Please leave your thoughts in a comment below.

Turn Low Quality Links into High Quality Links

January 23, 2008

These days, submission software is available to automate (or semi-automate) posting to thousands of directories. Be they article directories, link directories or otherwise, chances are there's software that will make the submission job easier.

The problem is, though, that this software usually submits to a few high quality sites and hundreds of low quality sites. The software vendors know that the more sites it submits to, the more impressive it sounds. After all, which would you be more willing to pay $97 for: software that submits to 50 directories, or software that submits to 2,500? For most people the answer is clear.

You will often find that once you've taken the time to submit to a few directories per day over many weeks or months, that Google never seems to find the links and apply them to your ranking. You spent all that time to "do it right" (because you know that submitting to hundreds or thousands of directories at once will get your links sandboxed), and yet you're not getting any love from Google.

One common reason why this is the case is because the directories you've submitted to are not crawled very often by Google. One thing that PageRank is useful for is getting a site crawled regularly, and updated pages indexed quickly. Most of the low quality sites have little or no PageRank, and so Google doesn't visit them much. If Google doesn't visit, the page with your link doesn't get crawled, the link doesn't get seen, and you get no benefit from it.

Also, my experience shows that Google limits how deep it will crawl sites like directory sites unless the sites have enough inbound links to internal pages. I have a site that has literally hundreds of thousands of pages, but Google has only indexed 61,000 despite the site having a PageRank of 4 (usually plenty to get a site crawled very often). Almost all of the links to that site point to the home page, though, and so many of the pages remain unindexed.

Take heart, though, because there's something you can do about this!

All it takes to make sure your links are seen by Google is to point a few links of your own to the pages that contain the links you want Google to know about.
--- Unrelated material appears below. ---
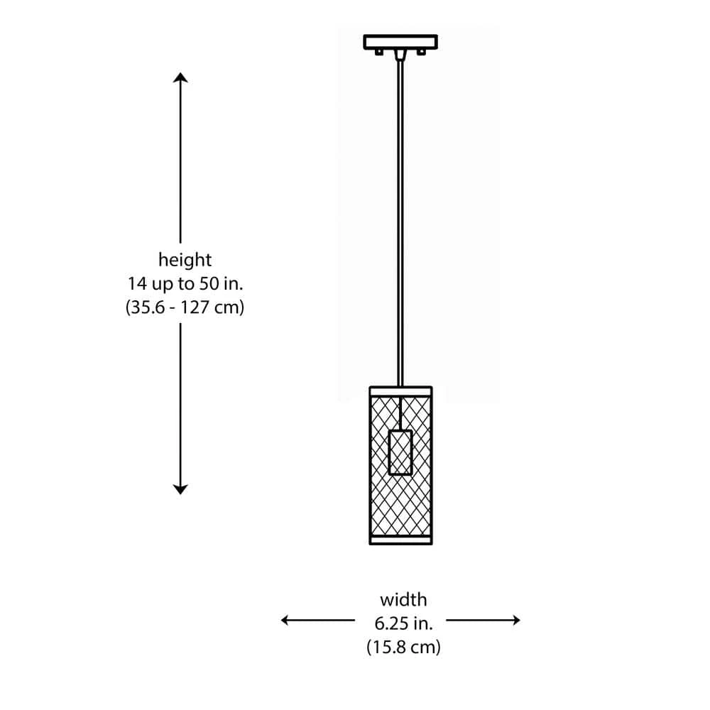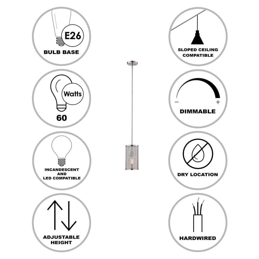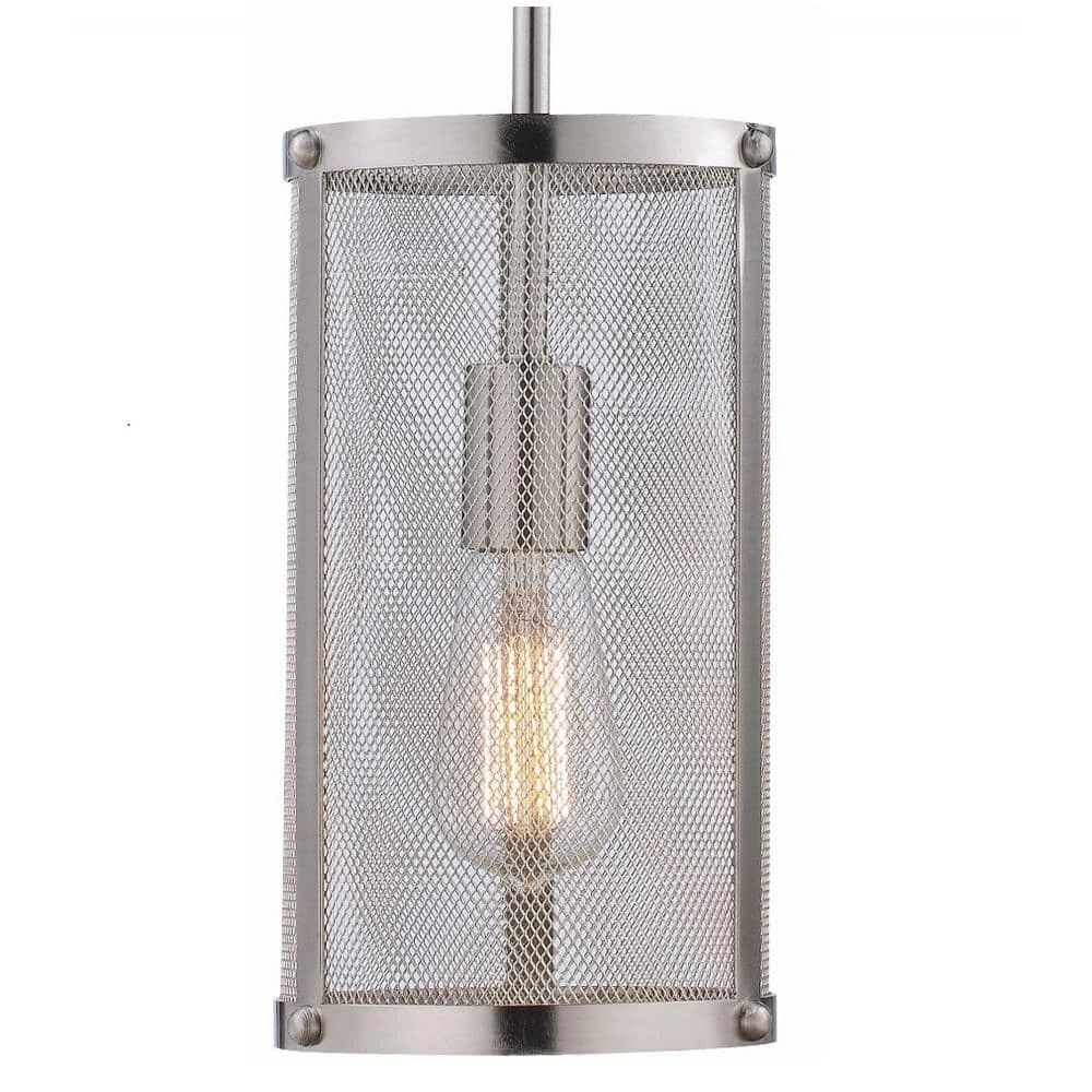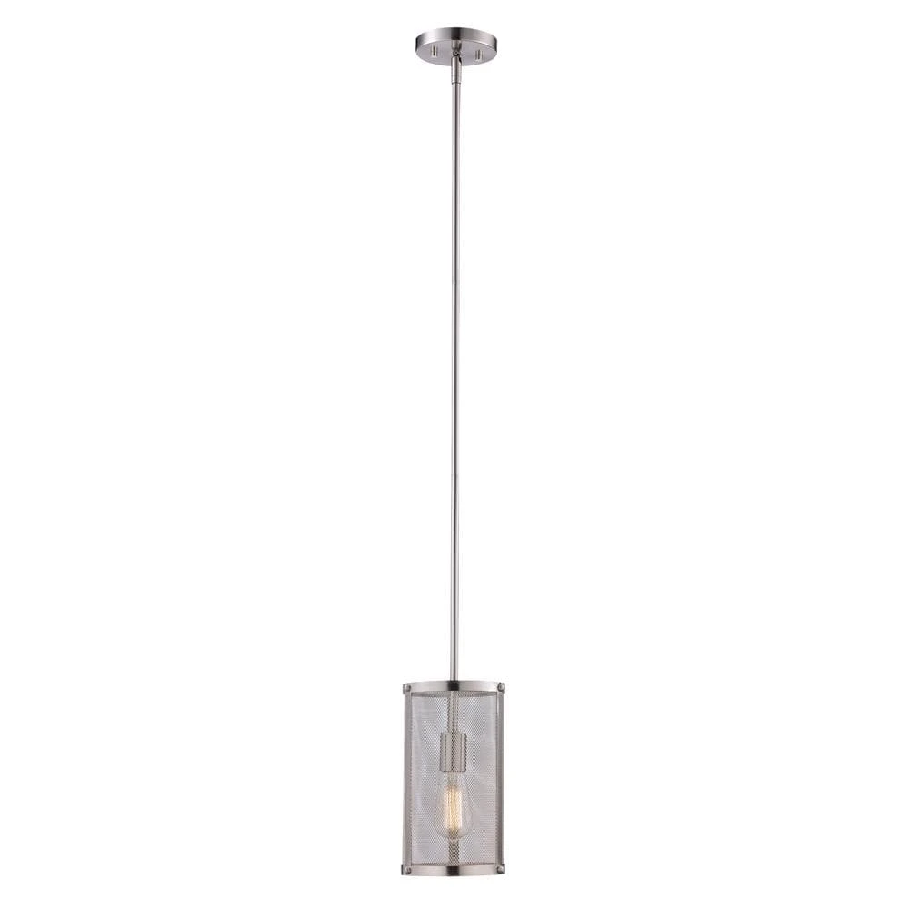 The Mesh Collection from Bel Air exhibits industrial style interior lighting with multiple designs and finishes options to choose from. The Mesh mini pendant provides focused light to smaller spaces when hung as a single unit, or can be mounted as a series along a kitchen island or bar area for additional task lighting. A brushed nickel cylindrical shade houses the single 60-watt light bulb, and suspends from a matching extension rod and round ceiling plate. Various sizes of extension rods are included for an adjustable height. The ceiling plate includes angle mount hardware, allowing the Mesh mini pendant to be mounted on sloped ceilings. This unique collection will add style and an interesting design to kitchen areas, dining rooms, and more.

This is easy: just go to a site like SocialMarker.com and get a few links to each page from social bookmarking sites. Yes, you will be helping the owner of the site or directory by getting a few extra links to their site, but you will also be helping yourself because Google will find the link that remained invisible to it before.

So there you go. Add this practice to your routine of submitting to a few directories each day and you'll find that Google starts indexing the pages where your links appear much more quickly. That means the link power will be applied much more quickly, and you'll start getting some love from Google a lot sooner!

Two important notes: 1) Some directories submitted to by mass submission software use tricky tactics like preventing the links from being followed in the robots.txt file, or using the nofollow attribute in all outgoing links. So before you regularly submit to these directories, do some research to find out if they are actually applying link juice to the submissions. 2) Do not use mass submission software that submits to hundreds or thousands of places at one time. Only use software that lets you submit to a dozen or so sites of your choosing each day. Mass submission will get the links sandboxed by Google, which means Google will ignore them for a long time (months) — if they ever get counted at all.